Unsurprisingly, rich white Americans were more likely to overestimate racial economic equality than both low-income white Americans and Black Americans across all income levels, according to the report. Low-income whites were also the most accurate in their estimates of racial economic inequality in the past while Blacks, both rich and poor, were overly pessimistic about past racial economic equality.

Researchers attributed psychological and structural beliefs to people’s skewed optimism as well. Those who most believed in a fair and just society influenced by American ideals were more likely to overestimate progress toward race-based economic equality. Rather than acknowledge the fact that there is a huge wealth disparity, people at the top (ex: wealthy whites) will maintain their fair view of society as a means to justify their higher status.

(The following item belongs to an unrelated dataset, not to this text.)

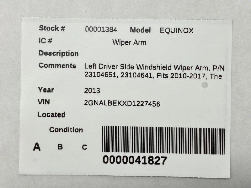 Hollander Welcome to our eBay store! Left Driver Side Windshield Wiper Arm Fits 2010-2017 Chevrolet Equinox 68026 Description This listing is for a used Left Driver Side Windshield Wiper Arm. The part pictured is the actual item you will receive, no other parts are included. This part is used so normal wear, such as scratches, scuffs or fading is to be expected. The paint on this wiper arm is faded and peeling. Please see part fitment information below and please match part numbers before buying this item. If you have any questions please let us know. Donor Vehicle Model : EQUINOX Year : 2013 Mileage : 108000 (0 = not available or unknown) Stock Number : 001384 Notes : LEFT DRIVER SIDE WINDSHIELD WIPER AR 021126 This Part Will Fit These Makes And Models With These Options About Us Payment Shipping Returns Warranty About Us Please contact us with any questions BEFORE purchasing. If you are unsure if this part will fit we are happy to verify fitment for you prior to purchase via your vehicle's VIN (Vehicle Identification Number). We try to answer all messages in 24 hours. Please note that orders are sent to the shipping department throughout the day therefore we cannot guarantee adjustments to orders after payment is received. Our hours of operation are: Monday - Friday 8:00AM - 5:00 PM CST Saturday - Sunday Closed Payment All orders must be paid in full prior to shipment. Payments are processed through eBay. We accept credit card and cash for Local Pickup orders. If payment is not received, an Unpaid Item case will be opened for the sake of seller fee reimbursement. Sales tax will be collected by eBay where applicable. Shipping We ship items via UPS, USPS, or LTL Freight Carriers. Tracking information is uploaded to the order once the item is shipped. Larger items such as Engines, Transmissions, Doors, Tailgates, Trunk Lids, Rear Axles etc. will ship via freight. Freight items are unable to be shipped until we have all the necessary information required by the carrier. Typically that includes a valid business name, address, valid phone number, and hours of operation. Be sure to provide us with all necessary contact information with your order as well. Freight charges are for zoned commercial addresses with a forklift or loading dock. If the location requires the assistance of a lift gate there will be an additonal fee. If a commercial address is not able to be provided we can ship the item to your residence for an additional fee. Add $100 for Residential delivery Add $85 for Liftgate delivery Most orders are shipped within one business day. If there is an issue with your order or item we will reach out to you before we ship the order. Once payment is received for a freight item we will send a message asking for additional information needed for the freight carrier. Without this information we will not be able to ship your item. If a USPS or UPS item is damaged during shipping please keep all packaging and loose parts complete with the package. Send us a message through Ebay with some pictures and your invoice number. We will work on getting a replacement item to you while handling the UPS claim as well. Please Inspect all freight shipments before signing for them at time of delivery! If there has been any damage to the item during shipping inspect the item to see if you can still use it or not. If you can still use the item, notate the damage on the delivery ticket that the driver is keeping then hand it back to them. Send us a message with a copy of your receipt and the delivery ticket you kept. We will take care of the damage claim with the freight carrier. If you cannot use the product simply decline the shipment send us a message and we will work on getting a replacement or refund to you. It is very important to not sign for any damaged product without notating it on the delivery ticket or denying the shipment. You have the right to inspect the package for obvious signs of damage prior to signing and accepting the delivery. If a delivery driver is refusing to let you inspect the shipment before you sign for it, do not sign, refuse the shipment and contact us through eBay messaging. When you sign for the delivery on the carrier's Bill Of Lading (BOL) it is accepting the merchandise as is and in good order. So please inspect your package before signing for it. We do understand that sometimes there will be damage that is missed, don’t worry we will still be able to help you. If you do find concealed damage after you sign for the package let us know through messages and send some pictures as well. We will get with the freight company and start a claim. We are not responsible for any delays incurred by the shipping company. No International shipping is available outside of the eBay Global Shipping program. We do not ship to PO Boxes, Hawaii, Alaska, Puerto Rico, APO, FPO, AA, AE, AP and U.S. Territories outside of the continental U.S. International orders are shipped via eBay’s Global Shipping Program. Customer pickup at our location is also available. Please contact us prior to your purchase to arrange pick up. Returns If you need to return an item for any reason please contact us first to obtain a RMA number (Return Material Authorization). All returns must be authorized by us before being shipped back. Any items returned must include an RMA number clearly written on the side of the packaging. If you are returning a part because you bought the wrong one or no longer need it the original shipping charges are not refunded and you are responsible for the return shipping. All returns must be made within 30 days of the date of purchase. All parts must be returned in their original condition to receive full credit Once you obtain an RMA number, ship the item back to: Frontier Auto Parts, 2199 Ranger Hwy, Weatherford, TX 76088 Warranty All parts we sell through eBay Motors come with a 30-day warranty and a 30 day return period unless otherwise stated. No labor warranty is provided. In the e

“It is simply easier to believe the wealth gap doesn’t exist, or that it exists only due to factors like individual merit or effort,” Kraus said.

However, researchers found that asking white participants to imagine an “alternative United States” where racial discrimination is still prevalent in today’s society helped reduce their tendency to overestimate racial economic equality.

Lastly, authors noted that their findings suggest a need for scholarship and policy debates explaining how racial economic disparities are tied to structural and other forms of racial discrimination.

“We need to stop deceiving ourselves,” Richeson said. “It could be a lack of information, but there’s also a role of willful blindness. Wealth inequality based on race is baked into this country’s founding, and we cannot handle it.”